Think Digital (and Visual)

The Millennial generation has never known a world without the Internet. While previous generations use social and online media, the younger millennials (Gen Y and Gen Z) rely on this medium to communicate with each other and stay on top of news and trends around the clock. Unlike previous marketing and advertising campaigns that talk “at” the consumer, brands need to truly engage with the younger millennial consumers online and in social channels, such as Instagram, Facebook and Twitter, where conversations and influential behaviors are happening.
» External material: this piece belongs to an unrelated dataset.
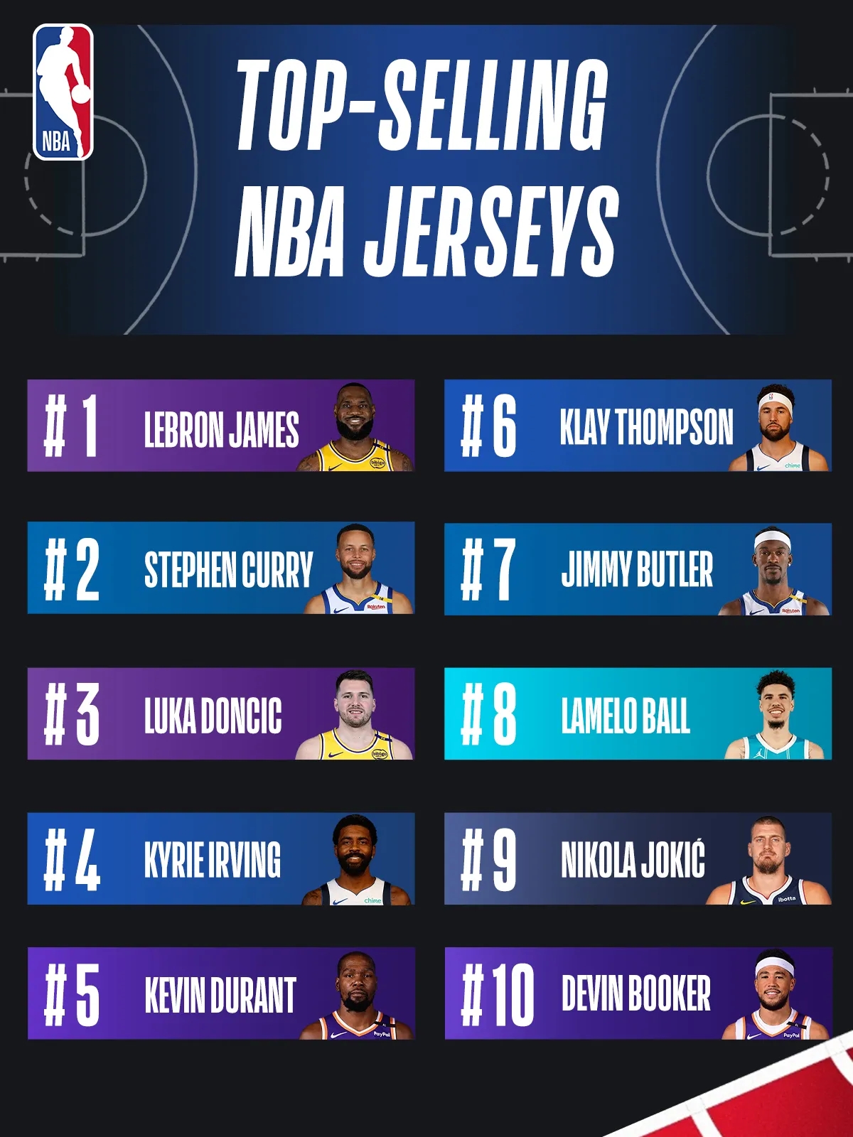 半程球衣銷量排行榜:庫里詹姆斯分列前二 文班第五 杜蘭特第13

But what’s most important is finding authenticity and relevance in these efforts, or brands will find themselves easily frowned upon or ignored.

A great example of this relevancy is the recent use of emojis. This past March, Burger King unveiled a branded keyboard of chicken-inspired emoticons to celebrate the return of Chicken Fries (see story). Realizing the mobile-first tendency of the younger millennial consumers, the brand was looking for a way to appeal to this crowd and potentially entice them to share with others. The mobile app keyboard included several dozen emoticons resembling the familiar Chicken Fries box, with a slew of different expressions, including crying and lovestruck emoji.

chicken_fries

Chicken Fries: Bustle.com

1800Flowers also leveraged an emoji keyboard for millennial consumers to share sentimental messages with their mothers or other friends and family on Mother’s Day. It’s these authentic ways of engaging with millennials, with clever images and posts that can really fuel sharing and peer influence among this audience.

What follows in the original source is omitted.